=== TASK DESCRIPTION ===
Only text is carried over. Reproduce the entries below exactly.

....

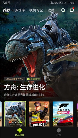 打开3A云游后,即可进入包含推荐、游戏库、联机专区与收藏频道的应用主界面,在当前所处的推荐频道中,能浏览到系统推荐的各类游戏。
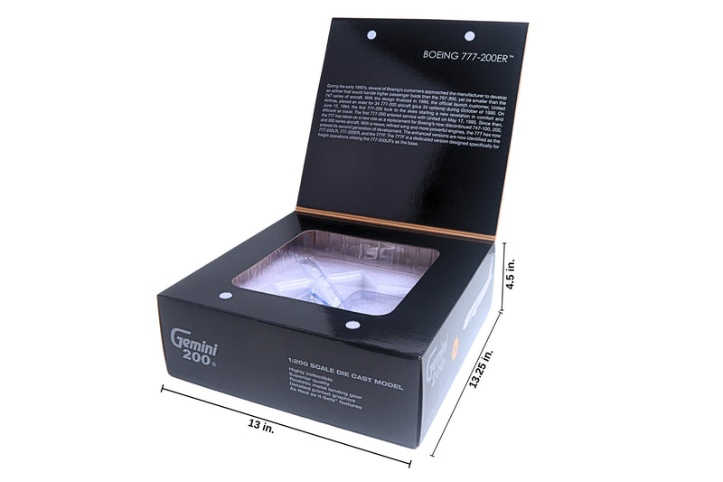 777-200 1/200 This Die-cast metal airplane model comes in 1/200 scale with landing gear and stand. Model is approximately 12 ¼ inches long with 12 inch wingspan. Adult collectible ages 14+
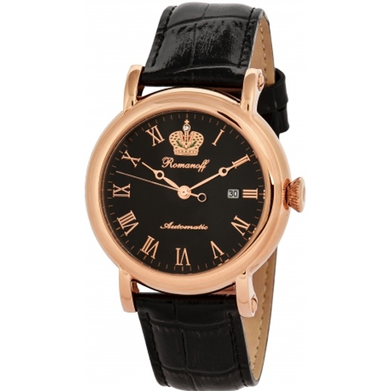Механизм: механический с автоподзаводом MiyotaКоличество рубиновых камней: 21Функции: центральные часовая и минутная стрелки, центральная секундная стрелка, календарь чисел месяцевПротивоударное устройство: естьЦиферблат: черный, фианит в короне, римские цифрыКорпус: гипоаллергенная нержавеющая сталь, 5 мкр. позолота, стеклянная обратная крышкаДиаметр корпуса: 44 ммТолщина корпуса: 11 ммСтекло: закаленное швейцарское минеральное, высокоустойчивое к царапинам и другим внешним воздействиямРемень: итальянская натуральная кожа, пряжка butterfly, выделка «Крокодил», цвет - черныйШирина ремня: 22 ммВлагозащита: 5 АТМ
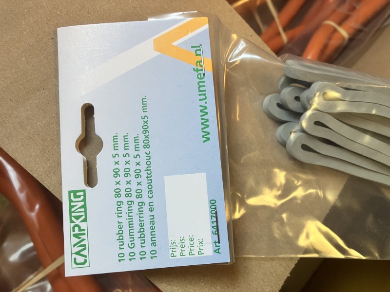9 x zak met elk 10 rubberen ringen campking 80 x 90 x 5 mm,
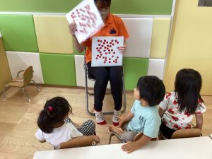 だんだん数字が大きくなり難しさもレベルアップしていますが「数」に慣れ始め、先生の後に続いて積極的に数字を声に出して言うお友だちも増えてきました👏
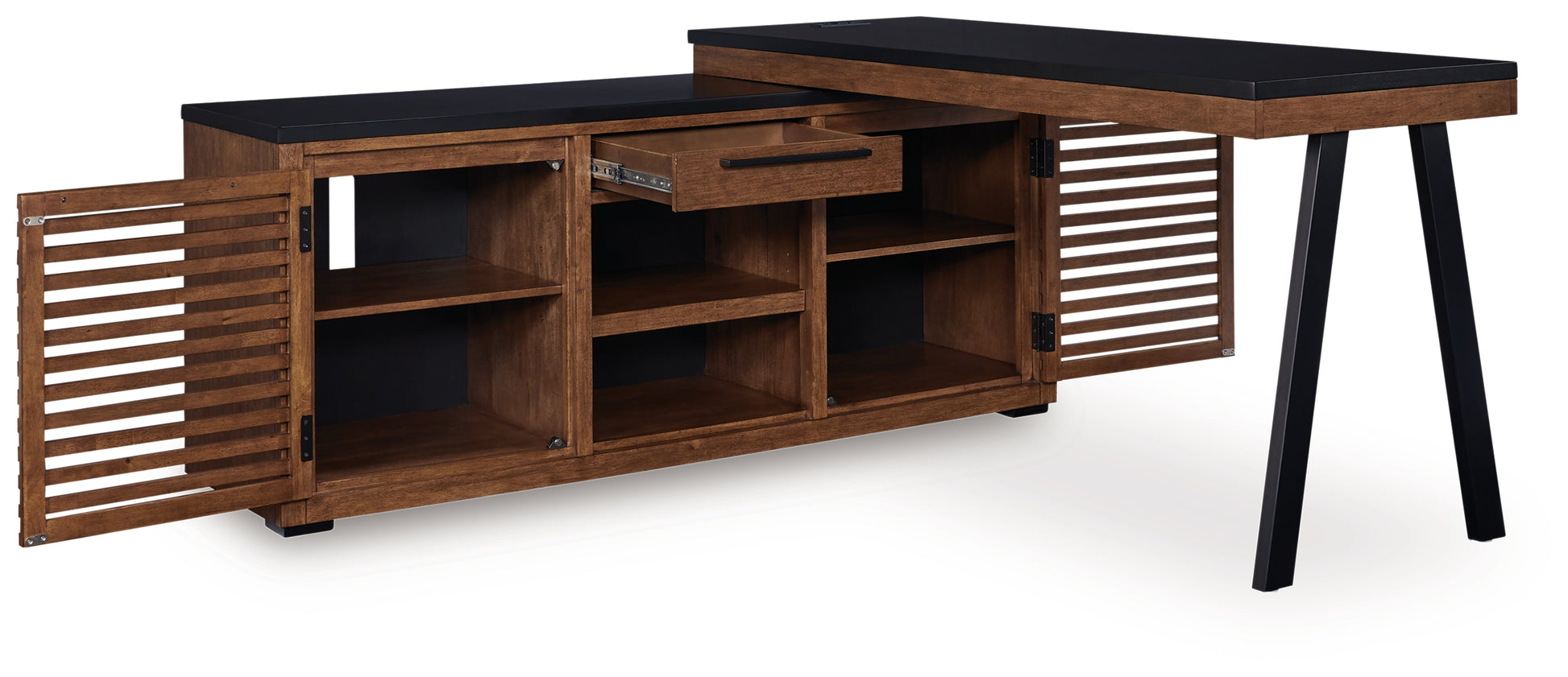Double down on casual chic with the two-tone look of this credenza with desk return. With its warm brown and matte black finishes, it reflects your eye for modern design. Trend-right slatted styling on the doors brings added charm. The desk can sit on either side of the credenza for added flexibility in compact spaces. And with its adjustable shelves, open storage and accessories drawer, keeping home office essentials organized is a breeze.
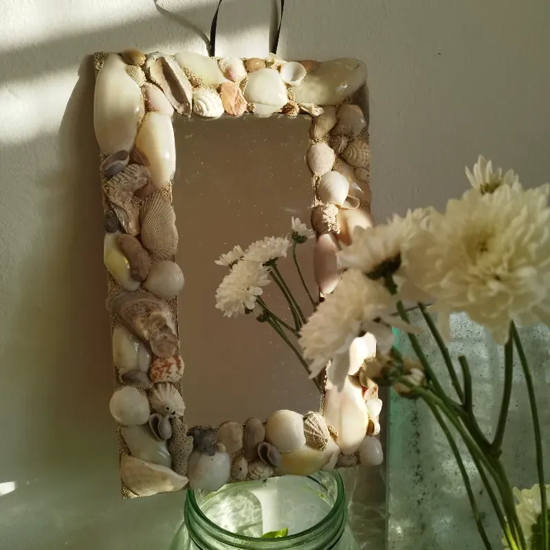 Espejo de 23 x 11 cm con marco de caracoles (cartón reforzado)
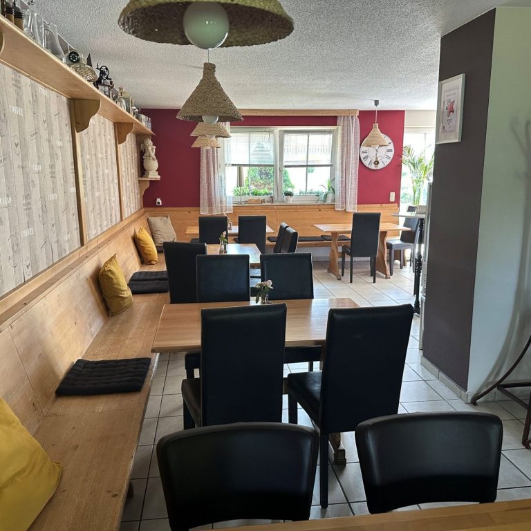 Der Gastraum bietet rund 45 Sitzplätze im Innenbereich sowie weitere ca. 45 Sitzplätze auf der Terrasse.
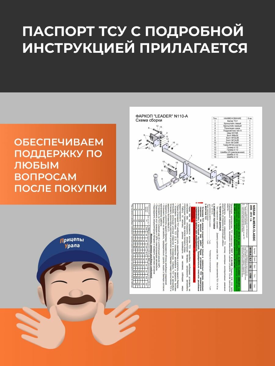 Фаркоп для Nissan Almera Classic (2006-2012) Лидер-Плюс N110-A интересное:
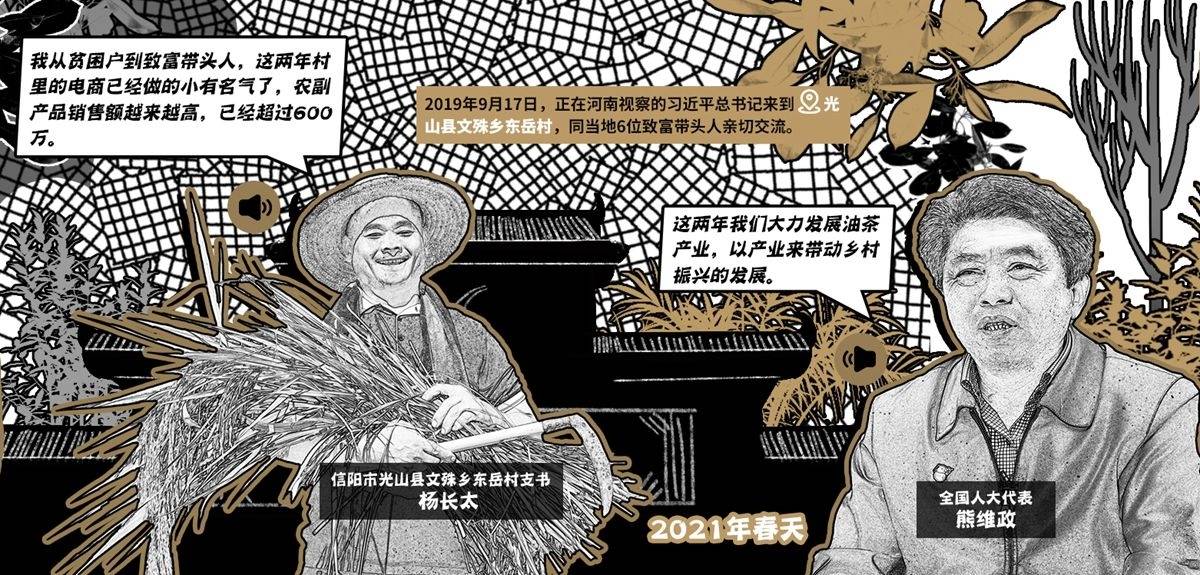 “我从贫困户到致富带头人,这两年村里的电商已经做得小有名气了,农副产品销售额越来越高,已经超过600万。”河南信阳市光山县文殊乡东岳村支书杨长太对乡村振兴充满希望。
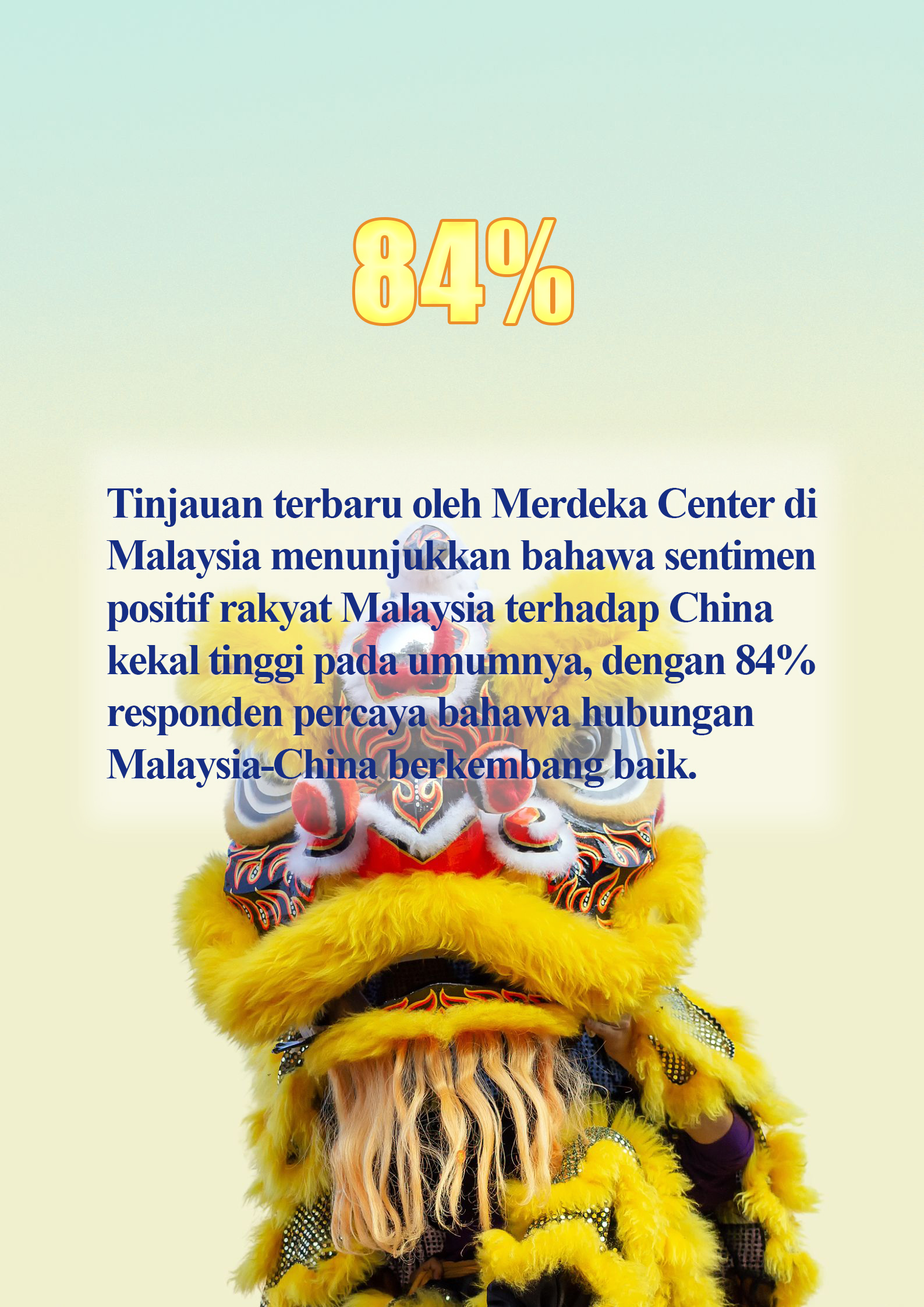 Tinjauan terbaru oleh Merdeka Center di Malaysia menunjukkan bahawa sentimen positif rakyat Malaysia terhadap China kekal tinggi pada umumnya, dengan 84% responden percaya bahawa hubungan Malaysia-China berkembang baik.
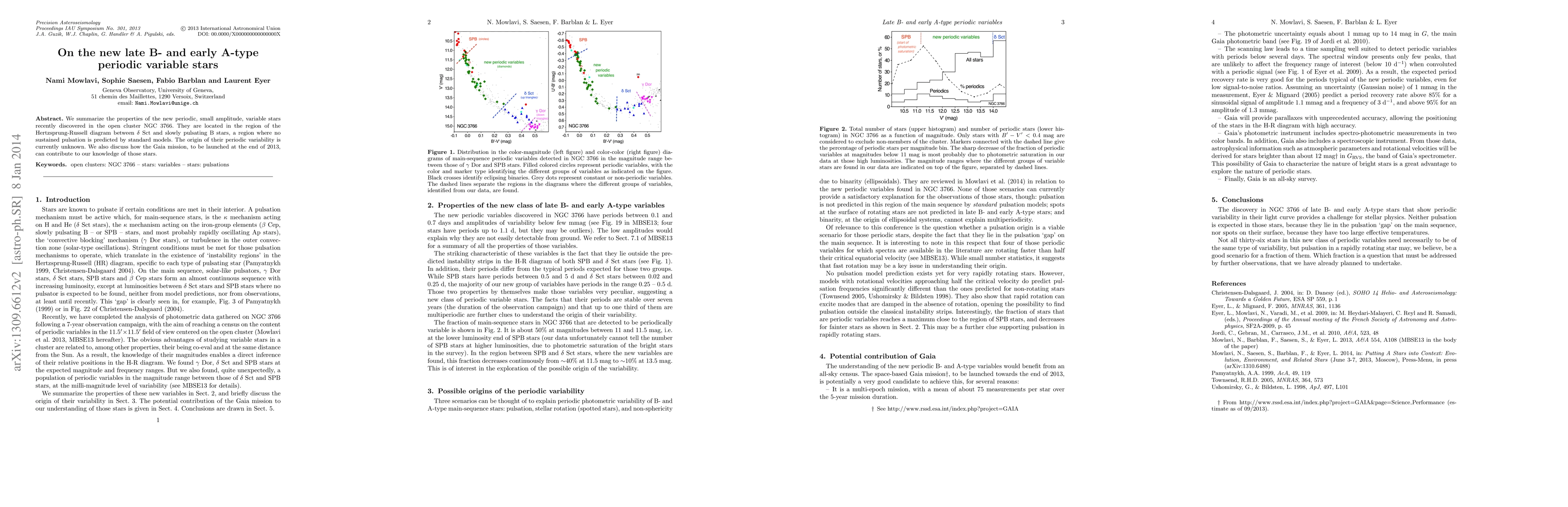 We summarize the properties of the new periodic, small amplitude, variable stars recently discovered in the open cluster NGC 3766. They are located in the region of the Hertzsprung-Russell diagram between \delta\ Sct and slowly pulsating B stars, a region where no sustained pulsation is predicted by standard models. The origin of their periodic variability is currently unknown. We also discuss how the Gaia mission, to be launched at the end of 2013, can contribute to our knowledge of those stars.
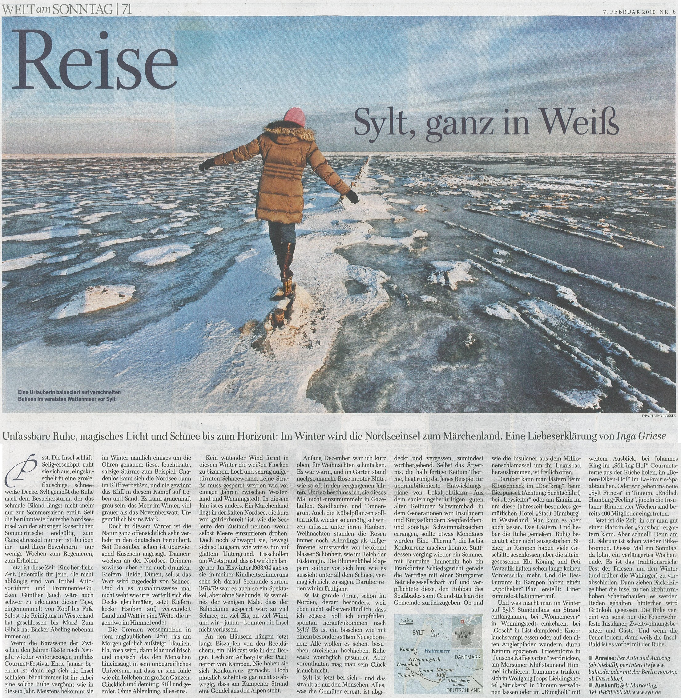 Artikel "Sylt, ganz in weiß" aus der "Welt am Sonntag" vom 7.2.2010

....

=== ANSWER BOX ===
 打开3A云游后,即可进入包含推荐、游戏库、联机专区与收藏频道的应用主界面,在当前所处的推荐频道中,能浏览到系统推荐的各类游戏。
 777-200 1/200 This Die-cast metal airplane model comes in 1/200 scale with landing gear and stand. Model is approximately 12 ¼ inches long with 12 inch wingspan. Adult collectible ages 14+
Механизм: механический с автоподзаводом MiyotaКоличество рубиновых камней: 21Функции: центральные часовая и минутная стрелки, центральная секундная стрелка, календарь чисел месяцевПротивоударное устройство: естьЦиферблат: черный, фианит в короне, римские цифрыКорпус: гипоаллергенная нержавеющая сталь, 5 мкр. позолота, стеклянная обратная крышкаДиаметр корпуса: 44 ммТолщина корпуса: 11 ммСтекло: закаленное швейцарское минеральное, высокоустойчивое к царапинам и другим внешним воздействиямРемень: итальянская натуральная кожа, пряжка butterfly, выделка «Крокодил», цвет - черныйШирина ремня: 22 ммВлагозащита: 5 АТМ
9 x zak met elk 10 rubberen ringen campking 80 x 90 x 5 mm,
 だんだん数字が大きくなり難しさもレベルアップしていますが「数」に慣れ始め、先生の後に続いて積極的に数字を声に出して言うお友だちも増えてきました👏
Double down on casual chic with the two-tone look of this credenza with desk return. With its warm brown and matte black finishes, it reflects your eye for modern design. Trend-right slatted styling on the doors brings added charm. The desk can sit on either side of the credenza for added flexibility in compact spaces. And with its adjustable shelves, open storage and accessories drawer, keeping home office essentials organized is a breeze.
 Espejo de 23 x 11 cm con marco de caracoles (cartón reforzado)
 Der Gastraum bietet rund 45 Sitzplätze im Innenbereich sowie weitere ca. 45 Sitzplätze auf der Terrasse.
 Фаркоп для Nissan Almera Classic (2006-2012) Лидер-Плюс N110-A интересное:
 “我从贫困户到致富带头人,这两年村里的电商已经做得小有名气了,农副产品销售额越来越高,已经超过600万。”河南信阳市光山县文殊乡东岳村支书杨长太对乡村振兴充满希望。
 Tinjauan terbaru oleh Merdeka Center di Malaysia menunjukkan bahawa sentimen positif rakyat Malaysia terhadap China kekal tinggi pada umumnya, dengan 84% responden percaya bahawa hubungan Malaysia-China berkembang baik.
 We summarize the properties of the new periodic, small amplitude, variable stars recently discovered in the open cluster NGC 3766. They are located in the region of the Hertzsprung-Russell diagram between \delta\ Sct and slowly pulsating B stars, a region where no sustained pulsation is predicted by standard models. The origin of their periodic variability is currently unknown. We also discuss how the Gaia mission, to be launched at the end of 2013, can contribute to our knowledge of those stars.
 Artikel "Sylt, ganz in weiß" aus der "Welt am Sonntag" vom 7.2.2010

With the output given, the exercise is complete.